# Rewiring a 4 wire ballast to a 2 wire endcap??



## Yeaulman (Jun 23, 2005)

I just aquired 4 moisture resistant endcaps and 4 22" miro 4 reflectors, but found out that the endcaps are 2 wire, and my ballast is 4 wire.

My ballasts are the Custom SeaLife 65/55W retrofit kits









Is there a way to rewire it? I think that the endcaps are pins : 1 2 3 4 while my ballast is a square pin :
1 3
2 4

Is this right? if so which wires do I hook up to each?


----------



## dennis (Mar 1, 2004)

The ballast does not care which style of end cap you use. The endcaps obviously (or so it would seem) have jumped the pins. Normally your ballast has 2 sets of colored wires, 2 red and 2 blue (larger ballasts for more bulbs will have 2 red, 2 blue and 2 yellow) for your setup you wil lwant 2 red wires to go to one side of the bulb and the 2 blue wires to the other side. In you case, 2 red wires to pins 1&2 and 2 blue to pins 3&4, based on your drawing above. Since the endcaps are already wired and have only 2 wires, they have already "jumped" or connected pins 1&2 together as well as 3&4 together. So, you will want to connect both blue wires from the ballast to one of the wires from the end cap, does not matter whhich one. Twist all three wires together in a clockwise direction, trim the bare ends to about 3/8" and use a yellow or orange wirenut. Twist the two red wirse and remaining endcap wire together and repeat the above. You should be all set.
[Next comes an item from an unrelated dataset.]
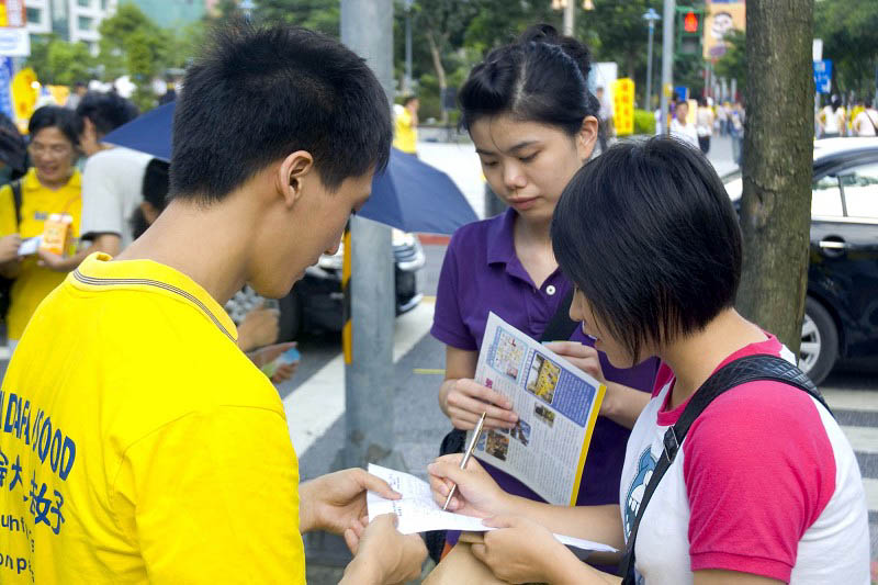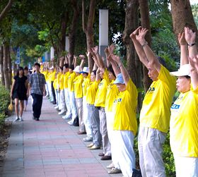 二零零八年七月二十日,一群身着写着“法轮大法好”黄衫的台湾法轮功学员,选在台北最热闹的信义商圈与世贸中心周边街道举办“七·二零”悼念活动,在松寿路、松智路、信义路五段等路段,由千人组成“功法长城”九大方阵,场面壮观浩大,绵延数公里。当炼功音乐响起,顿时将吵闹喧哗的都市带入宁静祥和的氛围,脚步匆忙的市民驻足观看,有的询问如何学炼功法,许多人在“全球反迫害百万签名”板上签名支持。

FYI, if you had a ballast with 6 wires, 2-blue, 2-red and 2-yellow, the wiring is a little different. Generally, in this case you will connect 2-blue to one side of a bulb and a single yellow with a jumper wire to the other. Use the 2 red and the other yellow for bulb two. Some of the T5 ballast (which technically are the same and T5 HO ballasts will power PC and visa versa) use a slightly different wiring setup but that will be shown on th eballast case. Basically, with ballasts like the Advance Centinums for 2 bulbs you use the wiring description I just described but for one bulb you use only the red and blue wires, not the yellow. Older style "normal" PC ballasts for using a 2 bulb ballast with only one bulb you simply don't use the blue wires and one yellow wires.

Sorry to get off on a tangent but hopefully all that made sense. To reiderate, in your case twist one endcap wire with two ballast wires of the same color and use a wirenut. Repeat for the remaining endcap wire and two remaining ballast leads.


----------



## Yeaulman (Jun 23, 2005)

Thanks, it all made sense.... I work for an electrical engineering firm but we have never really worked with compact fluorescents like this yet. After you explained it, it all mades sense  Thanks!


----------